### DATASET RECORDS
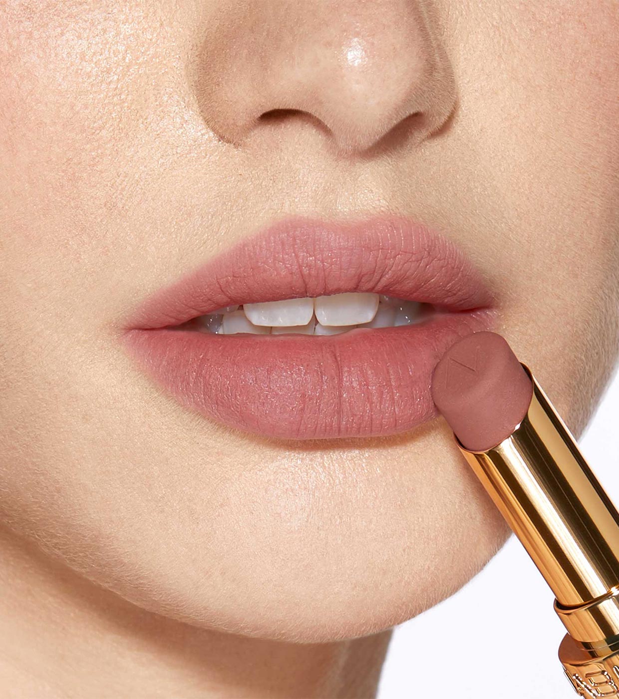 A textura, que se adapta aos lábios com conforto e aderência, desfoca a superfície dos lábios para criar uma aparência suave e aveludada.
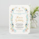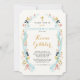 Beautiful meadow-inspired invitation with a frame made up of blue laurels, pink wildflowers and gold accents. The delicate hand painted sprigs surround your text announcing your special Confirmation day- with a cross at the top of the frame. In beautiful blues, pinks, golds and browns with black watercolor wash on the reverse side.
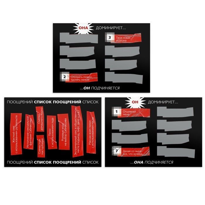 Игра предназначена для взрослых и включает в себя 3 листа с заданиями и 2 листа с расшифровками. Каждый лист содержит уникальные задания, которые помогут вам обмениваться ролями и исследовать свои фантазии. Просто выберите задание, выполните его и наслаждайтесь результатом. Игра подходит для пар, которые хотят добавить остроты в свои отношения и попробовать что-то новое.
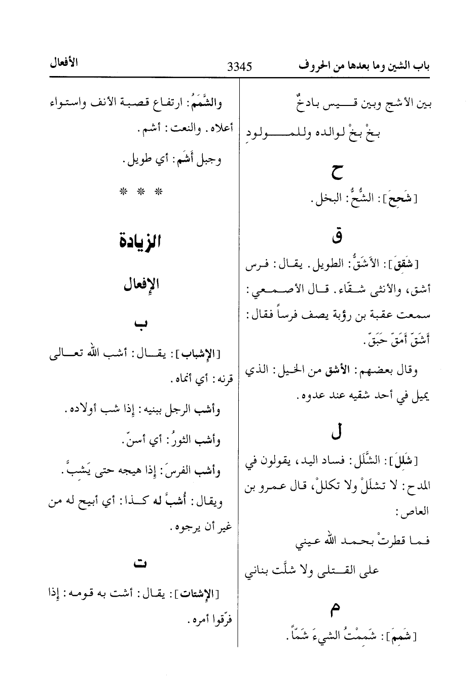 [شَقِقَ]: الأَشَقُّ: الطويل. يقال: فرس أشق، والأنثى شقّاء. قال الأصمعي:
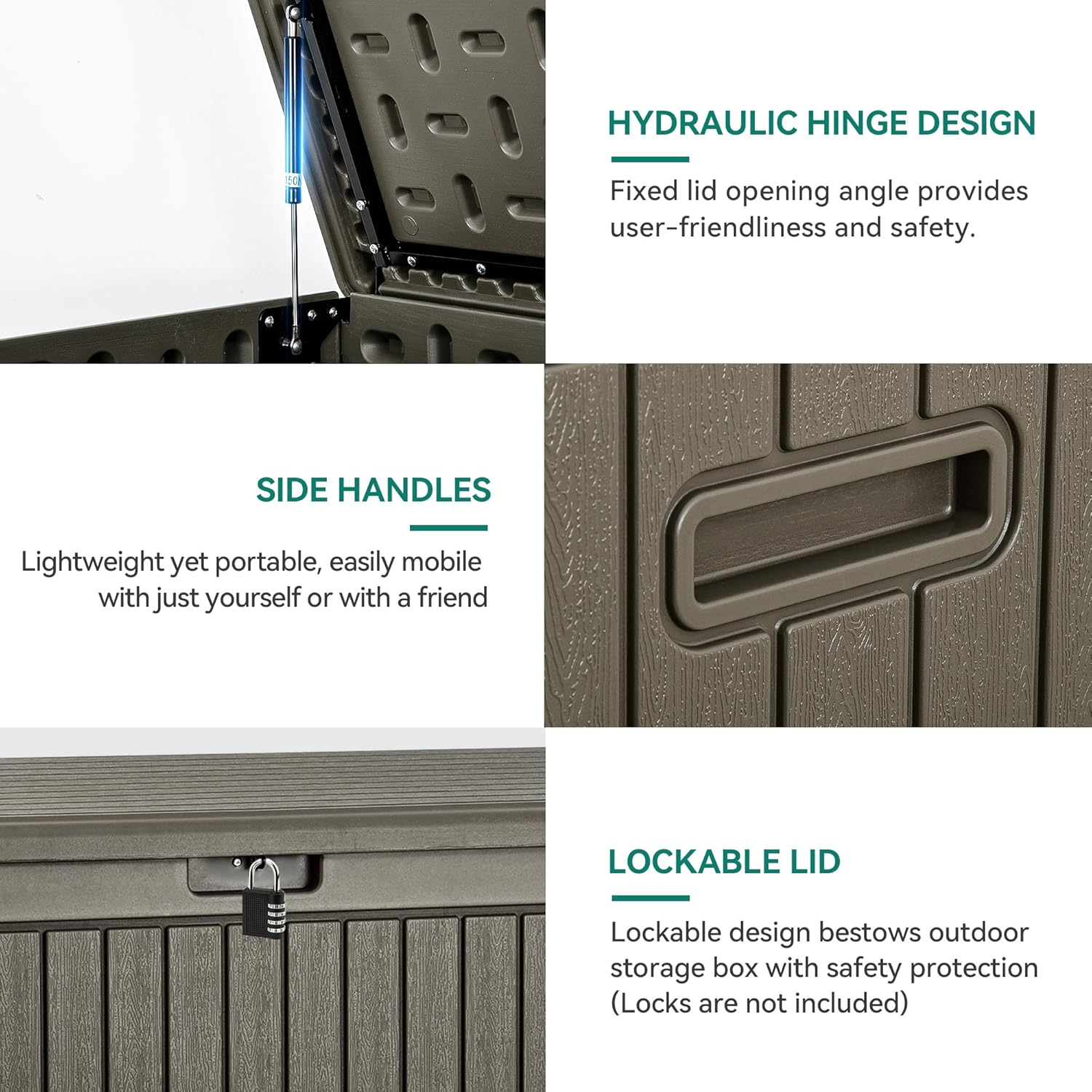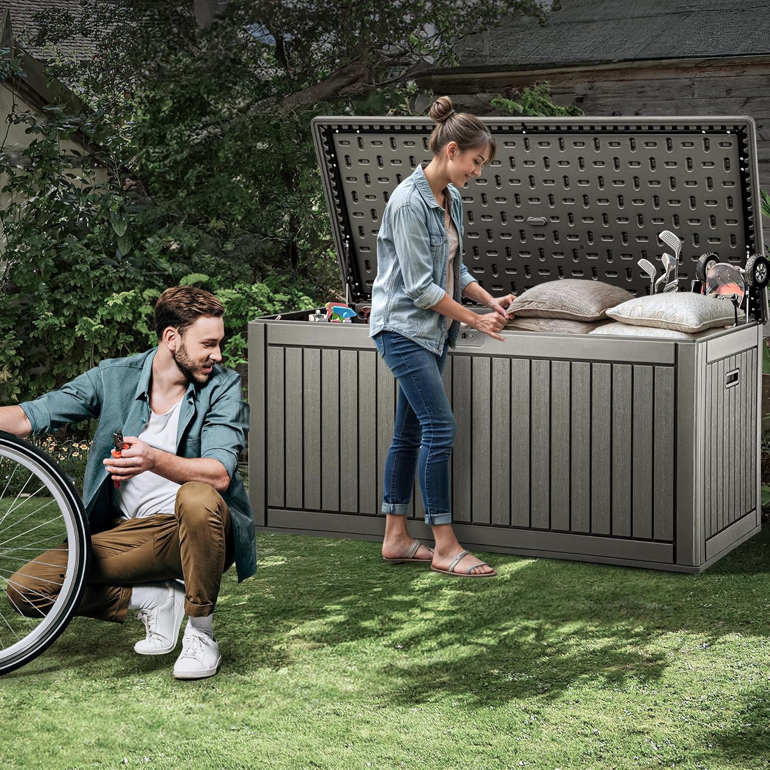 - MULTIPURPOSE GARDEN STORAGE:Doubles as an extra table or bench to accommodate six adults of up to 1000lbs., this deck box blends into any yard or patio while storing patio cushions, gardening tools, pool supplies, etc
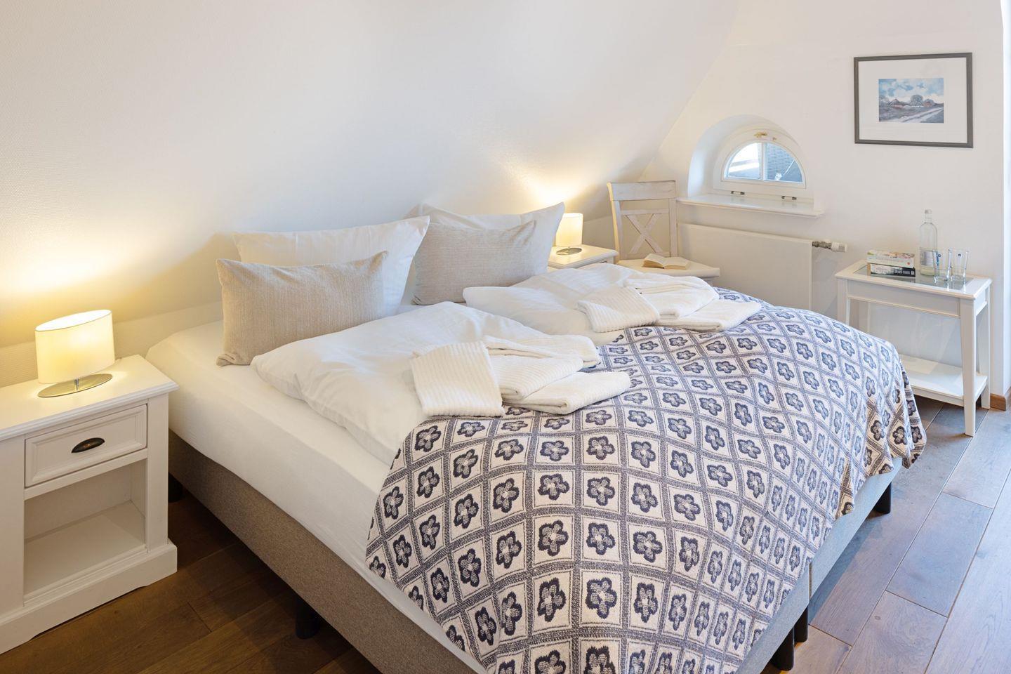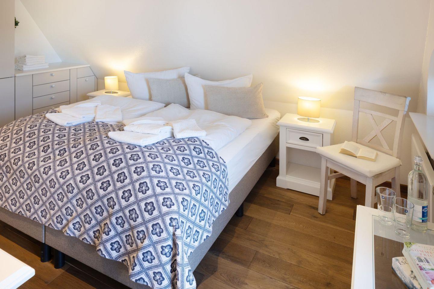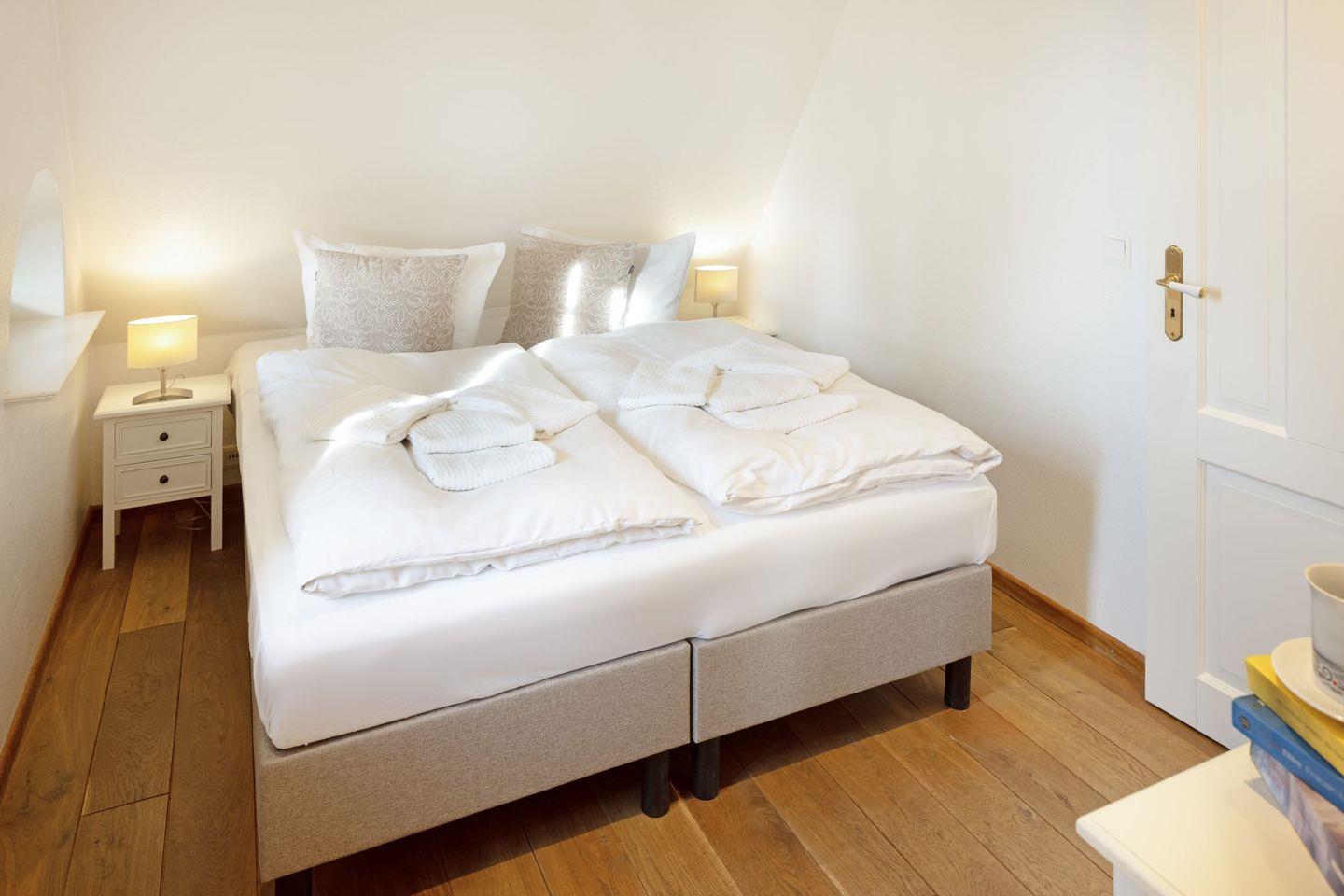 Im Obergeschoss befinden sich Ihre Schlafzimmer. Alle Schlafzimmer sind mit Bad en Suite. Das große Schlafzimmer im ersten Stock hat eine zusätzliche Sonnenterrasse mit Strandkorb.
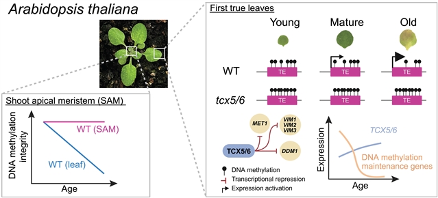Abstract: Plants display a wide range of life spans and aging rates. Although dynamic changes to DNA methylation are a hallmark of aging in mammals, it is unclear whether similar molecular signatures reflect rates of aging and organism life span in plants. In this work, we show that the short-lived model plant Arabidopsis thaliana exhibits a loss of epigenetic integrity during aging, which causes DNA methylation decay and the expression of transposable elements. We show that the rate of epigenetic aging can be manipulated by extending or curtailing life span and that shoot apical meristems are protected from these epigenetic changes. We demonstrate that a program of transcriptional repression suppresses DNA methylation maintenance pathways during aging and that mutants of this program display a complete absence of epigenetic decay while physical aging remains unaffected.

### EXERCISE PROMPT
The entries must be repeated exactly. Leave the images out.

### EXERCISE OUTPUT
 A textura, que se adapta aos lábios com conforto e aderência, desfoca a superfície dos lábios para criar uma aparência suave e aveludada.
 Beautiful meadow-inspired invitation with a frame made up of blue laurels, pink wildflowers and gold accents. The delicate hand painted sprigs surround your text announcing your special Confirmation day- with a cross at the top of the frame. In beautiful blues, pinks, golds and browns with black watercolor wash on the reverse side.
 Игра предназначена для взрослых и включает в себя 3 листа с заданиями и 2 листа с расшифровками. Каждый лист содержит уникальные задания, которые помогут вам обмениваться ролями и исследовать свои фантазии. Просто выберите задание, выполните его и наслаждайтесь результатом. Игра подходит для пар, которые хотят добавить остроты в свои отношения и попробовать что-то новое.
 [شَقِقَ]: الأَشَقُّ: الطويل. يقال: فرس أشق، والأنثى شقّاء. قال الأصمعي:
 - MULTIPURPOSE GARDEN STORAGE:Doubles as an extra table or bench to accommodate six adults of up to 1000lbs., this deck box blends into any yard or patio while storing patio cushions, gardening tools, pool supplies, etc
 Im Obergeschoss befinden sich Ihre Schlafzimmer. Alle Schlafzimmer sind mit Bad en Suite. Das große Schlafzimmer im ersten Stock hat eine zusätzliche Sonnenterrasse mit Strandkorb.
Abstract: Plants display a wide range of life spans and aging rates. Although dynamic changes to DNA methylation are a hallmark of aging in mammals, it is unclear whether similar molecular signatures reflect rates of aging and organism life span in plants. In this work, we show that the short-lived model plant Arabidopsis thaliana exhibits a loss of epigenetic integrity during aging, which causes DNA methylation decay and the expression of transposable elements. We show that the rate of epigenetic aging can be manipulated by extending or curtailing life span and that shoot apical meristems are protected from these epigenetic changes. We demonstrate that a program of transcriptional repression suppresses DNA methylation maintenance pathways during aging and that mutants of this program display a complete absence of epigenetic decay while physical aging remains unaffected.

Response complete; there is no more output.